2. Play Karaoke Roulette.  This involves attending a bar or restaurant that is offering public karaoke.  The key to karaoke roulette is that essentially someone in your group picks a song for you and you don’t what you will be singing until it’s chosen.  Like truth or dare, you can’t deny the song so be prepared to be put on the spot.

3. Make your own fun. What if you don’t have a sing room or don’t want to get your groove on in front of total strangers?  Here’s what you can do in any town where you have a decent relationship with the proprietor. My girlfriends and I took over a little wine market for our own karaoke night.  Typically, this place was not crowded.  We offered to bring a gang of fifteen, eat in and liven the place up a bit.  The market had open mike night occasionally so a microphone and speaker was already available.  With years of Halloween costumes in duffle bags, we headed out.  With everything available via apps today, I downloaded a Karaoke app on my IPAD and then we had all the makings of a great night.  Add cowbell and tambourines, it was a memorable inexpensive, girls night out only a couple of miles from home.

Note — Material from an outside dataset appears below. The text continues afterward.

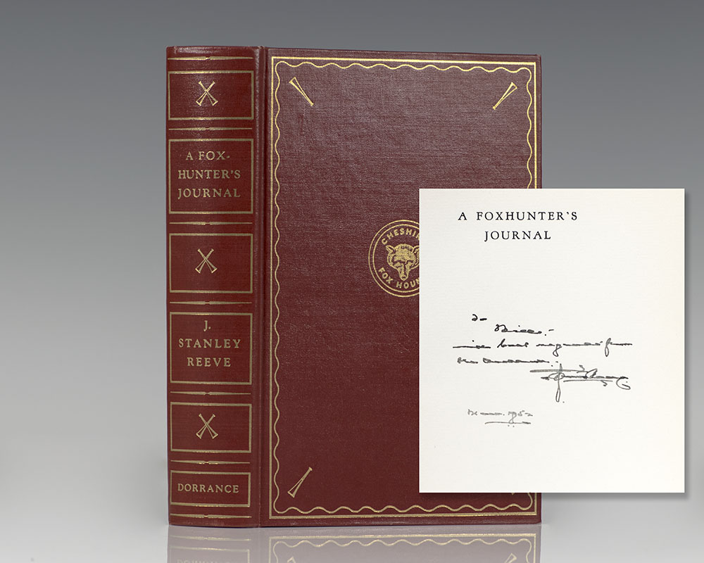 Signed limited edition of Reeve's authoritative work on fox hunting. Octavo, original red cloth with gilt titles and tooling to the spine, Cheshire Fox Hunters emblem to the front panel, colored engraved frontispiece with tissue guard, illustrated with engravings. One of only 500 copies signed by the author, this is number 33. Additionally inscribed by the author on the half-title page, "To Miriam with best regards from the author J. Stanley Reeve." In near fine condition. A sharp example.

4. Last Tip:  Rap songs are for the advanced.  Even if you think you know every word by Mac Miller or Childish Gambino, nailing those lyrics in a crowd is not slight work. To help you stack the deck, here’s the quick list of the best songs to sing and the worst songs to sing.

The Best Songs

1. The Foundations – Build Me Up Buttercup

2. Billy Ray Cyrus – Achy Breaky Heart.

3.  Madness – Baggy Trousers

4. Right Said Fred – I’m Too Sexy

5. The Clash – Should I Stay Or Should I Go

The Hardest Songs to Sing

1. I Believe In A Thing Called Love – The Darkness

2. Video Games – Lana Del Rey

3. Forgot About Dre – Eminem feat. Dr. Dre

4. Hurt – Christina Aguilera

5. Hello – Adele

So to close, find a place close buy that is willing to host a no-frills costume karaoke evening. Most local businesses are willing to show support and many have a sense of humor.  Gather up those old costumes and put them on grab bag style.  It will be a GNO, that you will remember for some time.